I really like the idea of putting all of this flotstam under the umbrella of the Compiler class. It makes the interface to the compiler so crystal clear, and limits access to any of the nasty moldy, cob-webbed internals. But seeing as how there are so many loosely coupled sub-modules, the class really deserves to be split into many small pieces.

As it stands I'm still fighting with C++ to declare all of these parts separately, yet keep everything inside of the Compiler class. C++ isn't very nice about it. I've managed an ugly hack where inside the class declaration I include all of the headers for the compiler's pieces—something like

class Compiler
{
private:
    #include "compiler-lexer.h"
    #include "compiler-parser.h"
    #include "compiler-type_checker.h"
};

Shudder. Not so pretty, but problem solved. Right?

Well, kinda. I mean, everything is split up really cleanly, yeah, but the compile times attest to the fact that in C++'s mind, I haven't really done anything. Every time I work on the lexer, the parser and type checker recompile as well. It's the same deal as having one gigantic .h file for the whole project, which is unacceptable.

Local variable declarations

Variable declarations are useful, but in some contexts they are redundant. Declaring class instance variables is necessary to document the interface of the class; declaring local variables is redundant in that it provides no new information that cannot be inferred by examining the body of the function in question.

Reasons for local variable declarations:

Reasons against local variable declarations:

When to check constraints

Let's examine the duplication in efforts between compile-time and run-time. In general language designers work really hard to design their languages so that certain constructs are checked at compile-time, and others at run-time. Having things checked at compile-time is more efficient time-wise, but limits expressiveness and requires more work designing the compiler.

Think of the big debate regarding static vs. dynamic type checking.

This also creates artificial delineations between features that are and features that aren't handled at compile-time. Some things can't in general be handled at compile-time, so the compiler doesn't check them at all, even though it could handle some (most?) cases.

So, what if there's a way to implement the compiler where you only have to specify the operations and constraints once, and the compiler automatically handles determining whether or not it can check a certain construct at compile-time, and if it can't, inserts a run-time check? How possible is this, and does it even make sense?

For example, the compiler could check constraints. So let's say you have a function:

function squareRoot:
    parameters:
        n is integer.

    requires:
        n >= 0.

    ensures:
        return >= 0.

    // Calculate the square root.
    ...

    return n.

And a series of calls:

squareRoot(-2).
squareRoot(x).
squareRoot(abs(x)).
squareRoot(-1 - abs(x)).

It's easy to see that the first call is illegal. Assuming nothing about x's value we know nothing about the second call, but no matter what its value is we can prove that the third call is always valid and the fourth is never valid.

The compiler presumably knows how to evaluate expressions—I mean, in some sense it knows since it compiles them.
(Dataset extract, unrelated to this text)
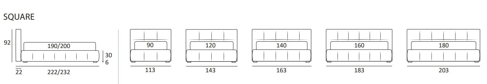 Dimensiuni ext : L.113/143/163/183/203 cm xP.222/232 cm H.36 cu spatar H. 92 cm

So if there's a way to express the semantics of expressions and statements so that the compiler "knows" how to evaluate them as well as compile them, it should be able to determine the validity of the above function calls. The only difference is that at compile-time it won't have all the information available about every variable, so it will have to be able to use constraints and assertions to handle proofs about general properties of a program. If it can handle expressions involving free variables...

So the compiler, when evaluating these calls to squareRoot, needs to check if the parameters satisfy the constraints for squareRoot. It can easily check -2 >= 0, which is true. If it knows nothing about x, the check x >= 0 is unknown and so is deferred until run-time. It knows that abs always returns a non-negative value, so abs(x) >= 0 is always true. And if it's really smart enough it can determine that -1 - abs(x) >= 0 is always false.